The catch in the above code snippet is that the function retReference() can be used as an lvalue in any assignment statement. The code snippet below shows how :

int main()
{
ATestClass testObject; // creates an object of ATestClass
testObject.retReference() ; // sets the value of x in testObject as 10
int z = testObject.retReference() ; // z becomes 10
testObject.retReference() = 20 ; // dangerous !! the private data member of ATestClass is directly accessed and modified !
int &a = testObject.retReference() ; //again dangerous !! a becomes a reference to private data x in object testObject
a = 100 ; // dangerous !! private data member x in object testObject

return 0 ;

}

In the above code snippet, the statement

testObject.retReference() = 20 ;
is a perfectly valid C++ statement because the function retReference() returns a reference to int x, and hence it can be used as an lvalue in any assignment statement. Thus, even if data member x is private in class ATestClass, it is directly accessed through object testObject and is modified.

Similarly, the statement

int &a = testObject.retReference();
declares a as a reference to private data member x in testObject. Then, the following statement
a = 100 ;
uses a as an alias (reference) to private data x and modifies its value.

This breaks-down the data hiding and encapsulation features of a class and defeats the purpose of Object OrientedProgramming in the following ways :

  • The private data in the class no longer remain “private” as they can be directly accessed through any variable that is a reference to the private data.
  • The encapsulation feature is also destroyed as data and its functions are no longer bound together. Data can be accessed without the help of the member functions of the class.

Thus, we have seen how a simple thing such as returning references to private data members of a class destroy Object Oriented Programming concepts.

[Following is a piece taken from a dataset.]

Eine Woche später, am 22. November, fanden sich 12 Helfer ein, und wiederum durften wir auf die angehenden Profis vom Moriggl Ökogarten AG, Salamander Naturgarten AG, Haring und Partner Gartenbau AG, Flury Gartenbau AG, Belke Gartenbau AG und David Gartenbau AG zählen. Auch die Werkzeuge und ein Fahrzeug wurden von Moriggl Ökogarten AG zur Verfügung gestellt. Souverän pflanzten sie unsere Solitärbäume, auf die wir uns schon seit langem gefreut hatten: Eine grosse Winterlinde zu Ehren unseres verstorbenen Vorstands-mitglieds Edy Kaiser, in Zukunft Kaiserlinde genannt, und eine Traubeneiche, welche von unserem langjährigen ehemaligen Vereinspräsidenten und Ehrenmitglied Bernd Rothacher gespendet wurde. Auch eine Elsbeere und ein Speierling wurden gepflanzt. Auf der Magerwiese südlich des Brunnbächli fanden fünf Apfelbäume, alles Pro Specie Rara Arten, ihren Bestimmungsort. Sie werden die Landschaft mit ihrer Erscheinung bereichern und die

This is an example of a poor programming practice, and should be avoided.

Friend Function & Class

Any data which is declared private inside a class is not accessible from outside the class. A function which is not a member or an external class can never access such private data. But there may be some cases, where a programmer will need need access to the private data from non-member functions and external classes. C++ offers some exceptions in such cases.

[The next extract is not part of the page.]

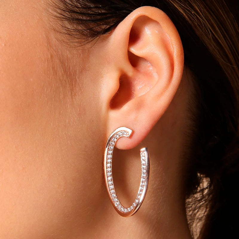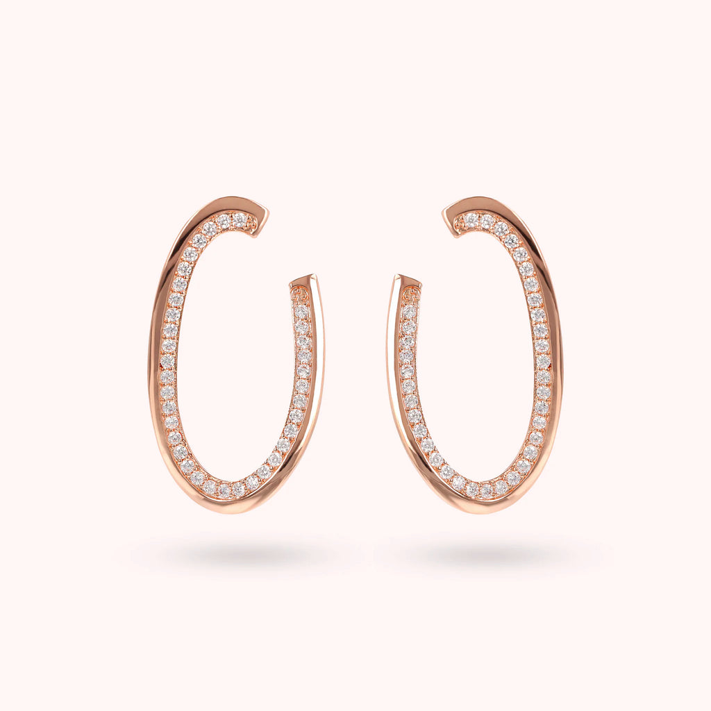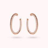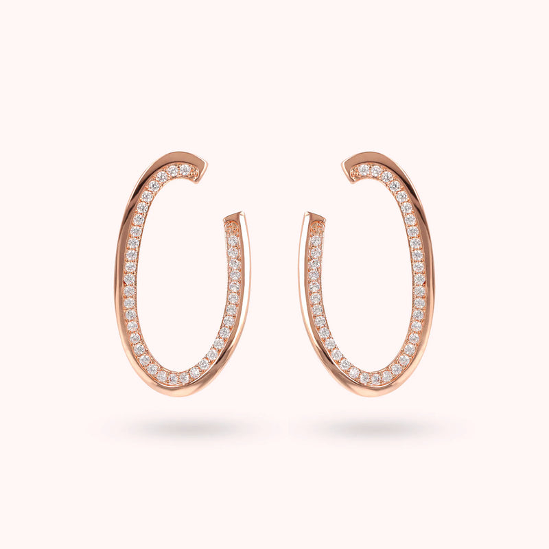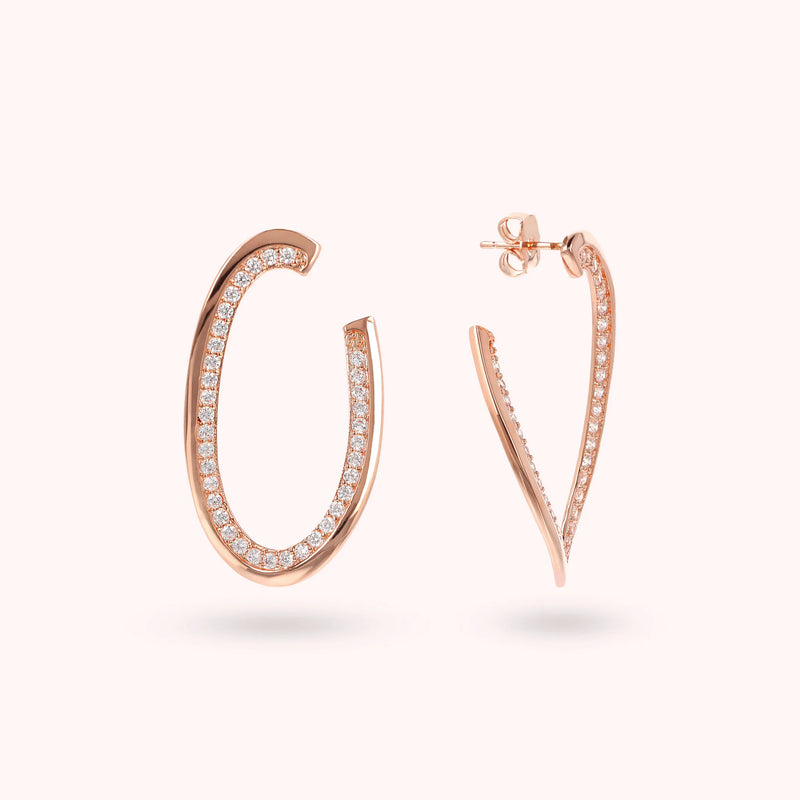 Ohrringe aus einer Golden Rosé-Legierung, mit 18 Karat Roségold vergoldet, mit geschwungenem und halboffenem Design und einer Oberfläche, die mit Zirkonia von leuchtender Qualität verziert ist. Pin- und Butterfly-Verschluss. Länge 4 cm.

A class can allow non-member functions and other classes to access its own private data, by making them as friends. This part of C++ tutorial essentially gives two important points.

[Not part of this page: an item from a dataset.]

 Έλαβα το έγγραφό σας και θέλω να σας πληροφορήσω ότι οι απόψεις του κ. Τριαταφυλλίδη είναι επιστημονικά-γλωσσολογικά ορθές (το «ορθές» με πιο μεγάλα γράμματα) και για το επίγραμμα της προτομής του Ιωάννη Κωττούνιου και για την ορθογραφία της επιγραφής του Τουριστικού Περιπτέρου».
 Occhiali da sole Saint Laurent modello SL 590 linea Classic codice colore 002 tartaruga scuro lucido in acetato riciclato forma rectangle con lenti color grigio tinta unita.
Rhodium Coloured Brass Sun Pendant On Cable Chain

  • Once a non-member function is declared as a friend, it can access the private data of the class
  • similarly when a class is declared as a friend, the friend class can have access to the private data of the class which made this a friend
Let's see a sample in this C++ tutorial for each of the above cases.

C++ Tutorial - Friend function sample:

#include
//Declaration of the function to be made as friend for the C++ Tutorial sample
int AddToFriend(int x);
class CPP_Tutorial
{
int private_data;
friend int AddToFriend(int x);
public:
CPP_Tutorial()
{
private_data = 5;
}
};
int AddToFriend(int x)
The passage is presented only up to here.